On her day off, Stephanie and Hastings go out on a date in the desert. They narrowly miss getting squashed by falling rocks, but then they don’t hang around long enough to see the giant tarantula climbing up the other side of the mountain.

The sheriff calls Hastings again, and now farm animals in the area are being stripped down to the bone. We see the tarantula, big as a house, stalking the horses in their corral. The farmer sees it, takes a shot, and is killed by the spider. There’s some wet stuff left behind, and Hastings says it’s some kind of insect venom.

Stephanie calls, and Deemer is looking horrible. She screams, and Hastings rushes out to help. Deemer explains that Jacobs and Paul starting experimenting on themselves with the nutrient, and acromegaly was the side effect. Deemer brags about his giant rat, guinea pig, and tarantula.

Hastings immediately picks up on the tarantula connection. He sees an expert on tarantulas who explains all about the spider.

All the phone lines suddenly stop working in town; the spider has knocked out the phone cables. The spider attacks Deemer’s house, and Stephanie runs out the front door when it tears open the roof to get Deemer. She drives off with Hastings towards town, and the spider follows. The police set up submachine guns, but that doesn’t work.

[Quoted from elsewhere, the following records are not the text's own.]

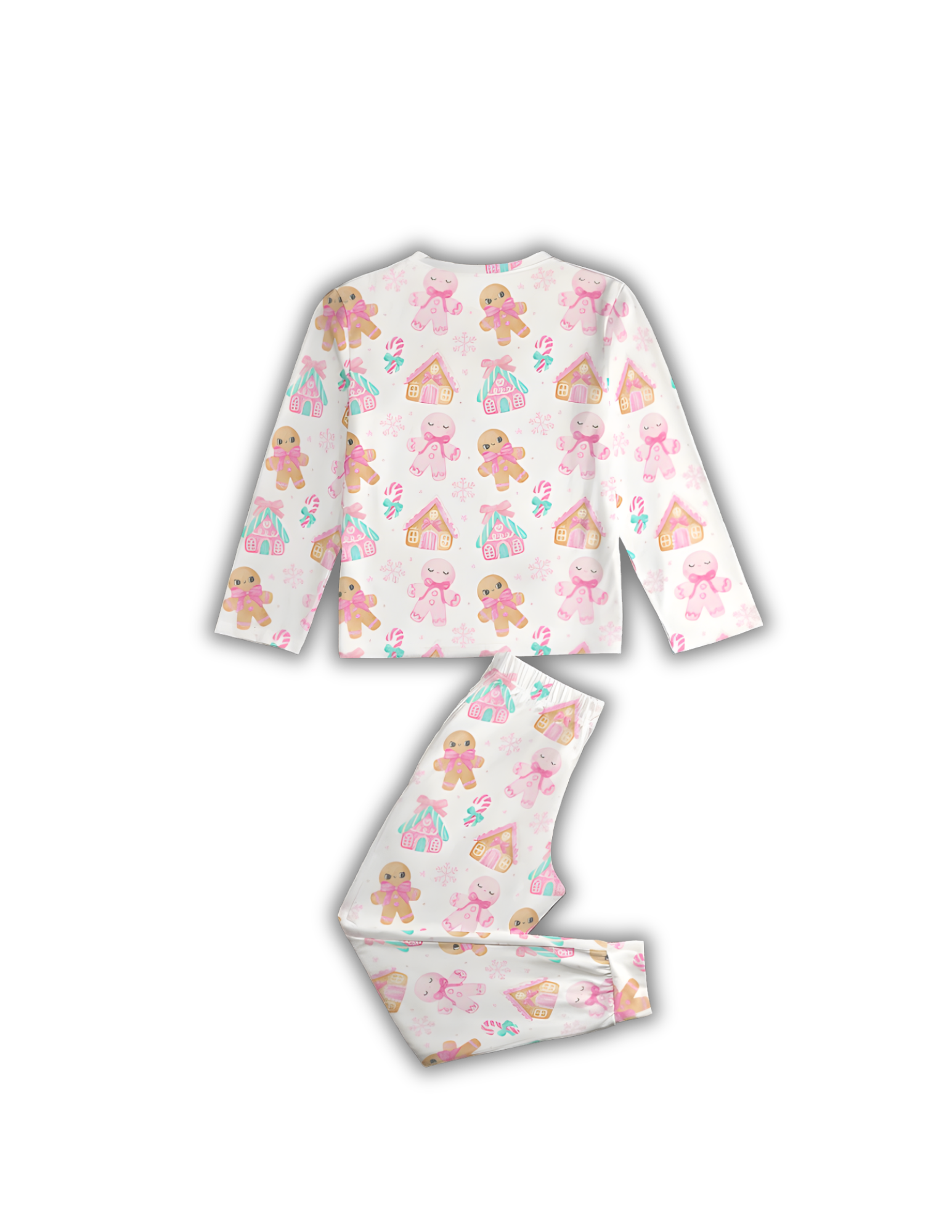 - Imprimé festif intégral avec des bonshommes en pain d'épice, des cannes de Noël et des flocons de neige
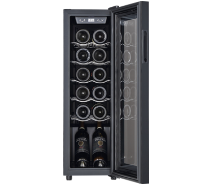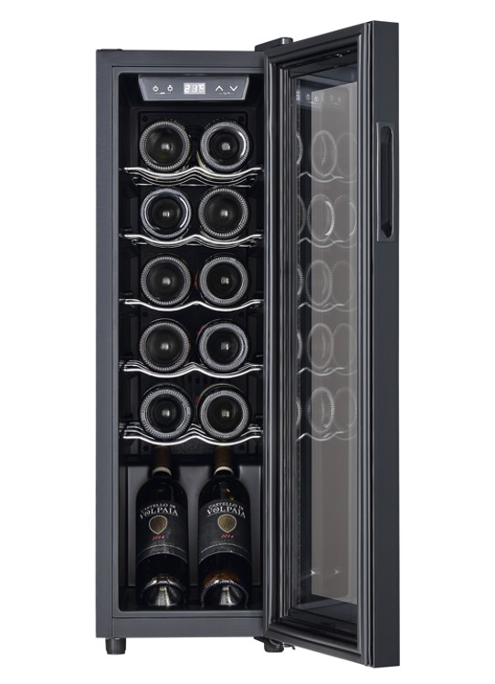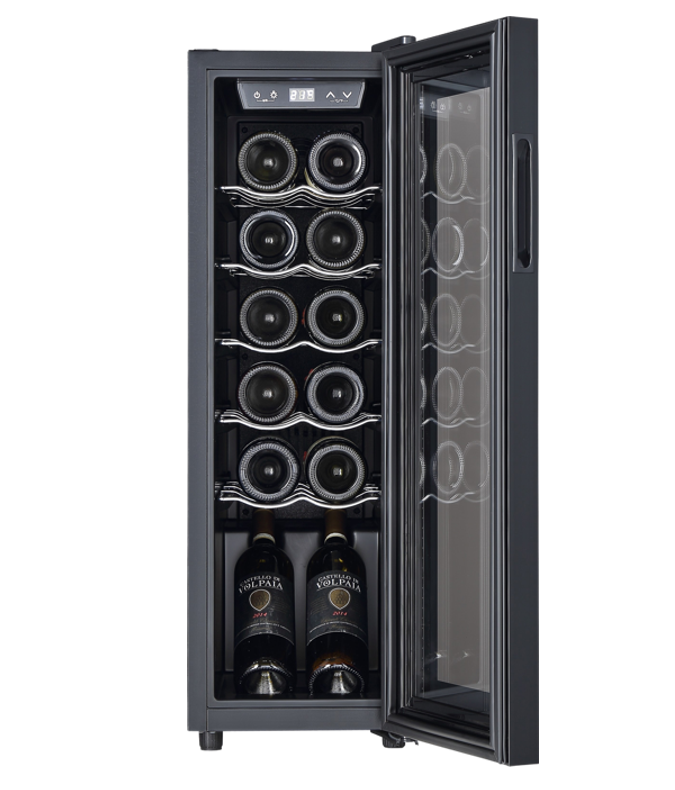 Dwuwarstwowe szklane drzwi z filtrem UV w kolorze czarnym dodają winiarce elegancji, a jednocześnie umożliwiają podziwianie zawartości, tworząc efektowną wizytówkę Twojej kolekcji, która zachwyci każdego gościa.
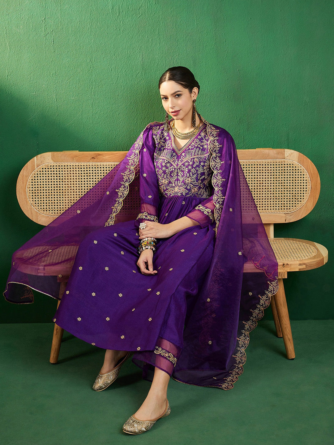 Sangria Purple Ethnic Motifs Embroidered A-Line Kurta With Palazzo & Dupatta
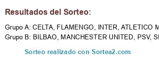 Lista de participantes: FLAMENGO, SHAKTAR, INTER, BILBAO, ATLETICO MADRID, PSV, CELTA, MANCHESTER UNITED.
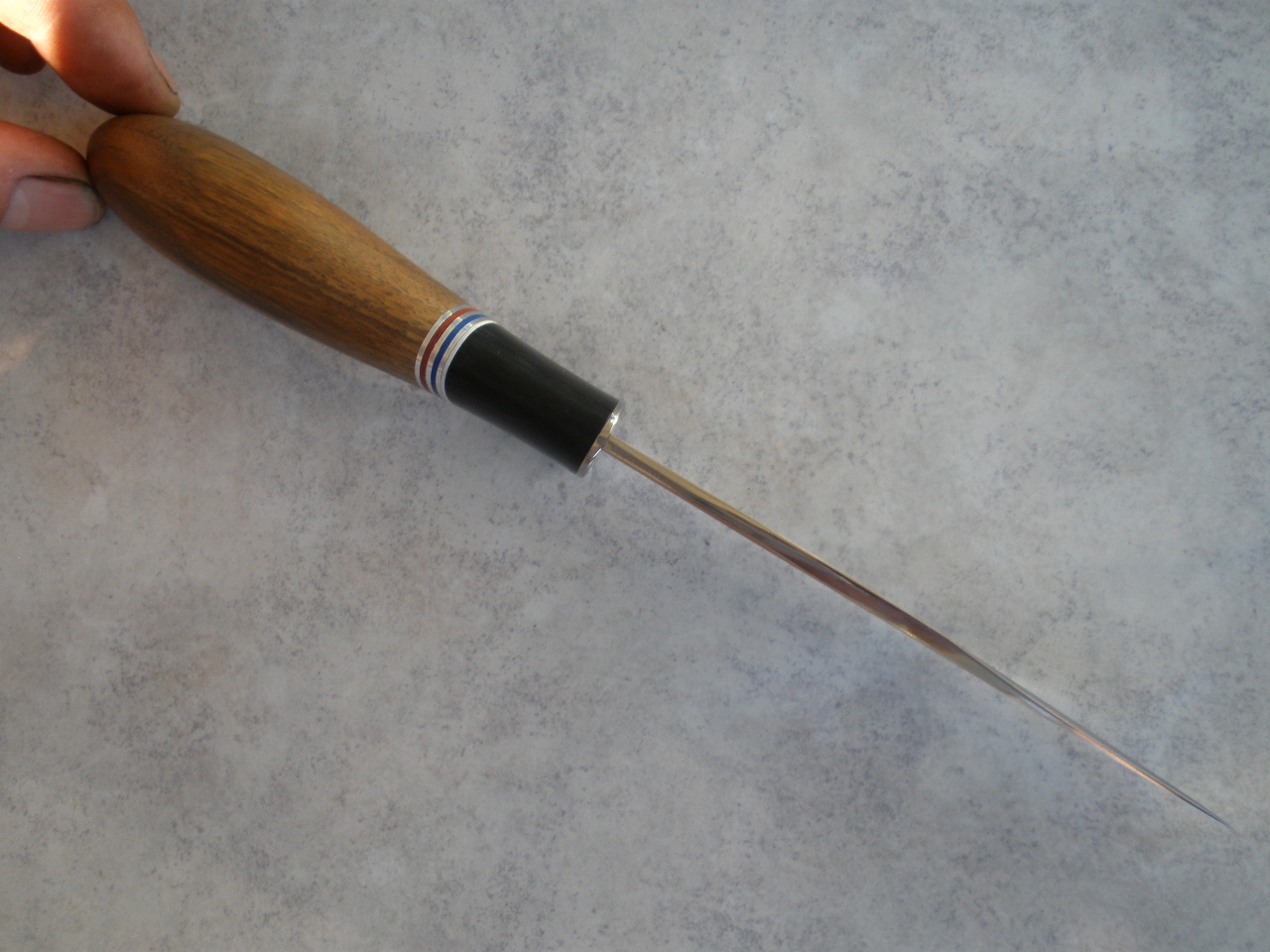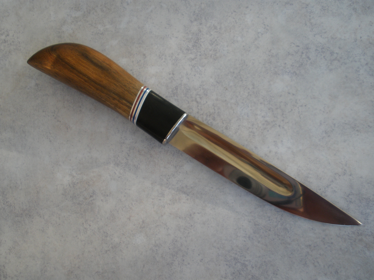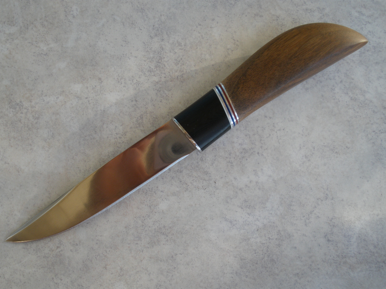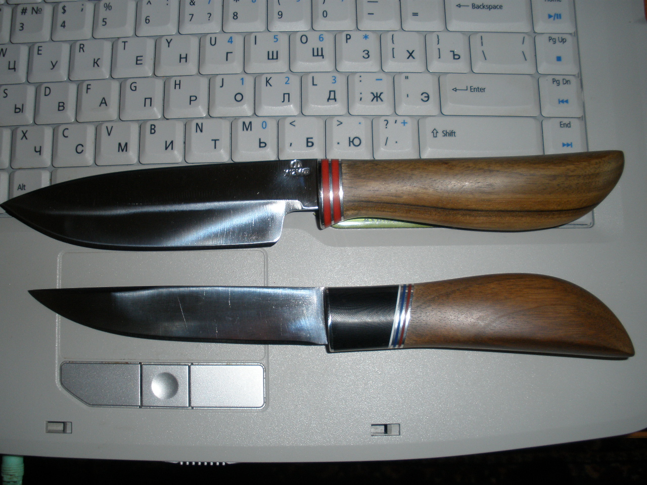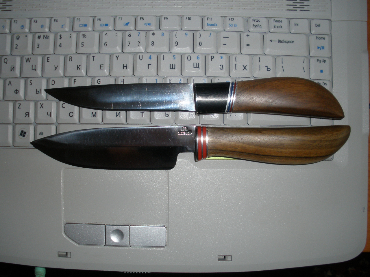 Приветствую камрадов. Решился показать вам парочку ножей недавносделанных.Различия в них есть ,но главное что меня удивило - оба ножа удобны в руке.Даже не ожидал такого.Сделал сначала кухонник,показываю жене ,она говорит ,вроде нормально ,но если перевернуть рукоять наоборот,то лучше в руке.Ну, спорить не стал,сделал маленького якута ,но с учётом пожелания,и как оказалось оба ножа были с радостью приняты хозяйкой кухни.Размеры здесь не самое важное .Если вдруг кому-то станет сильно интересно -расскажу.Вот такая story.А теперь масса фот.

They call in the army with dynamite, napalm, and everything they’ve got. Can they keep the monster out of town? They mine the road with dynamite. But that doesn’t help. The Air Force comes in, and they shoot it with missiles. Finally, it catches fire from the napalm and missiles, and it stops just outside of town. Has mankind learned its lesson?

Commentary

The effects for the giant lab animals in Deemer’s lab are excellent— they looked real to me. Most of the giant spider effects are well done also, but they are darker than everything else in the film, which takes away from the aesthetic a lot. Many of the spider shots are just a big black blur on the screen.

There’s really no mystery here; we see all along what’s going on. It’s suspenseful, since it keeps getting bigger and bigger and the deaths start stacking up. At what point will it become too big to stop?

Clint Eastwood has his second uncredited film appearance as a fighter pilot in the climax.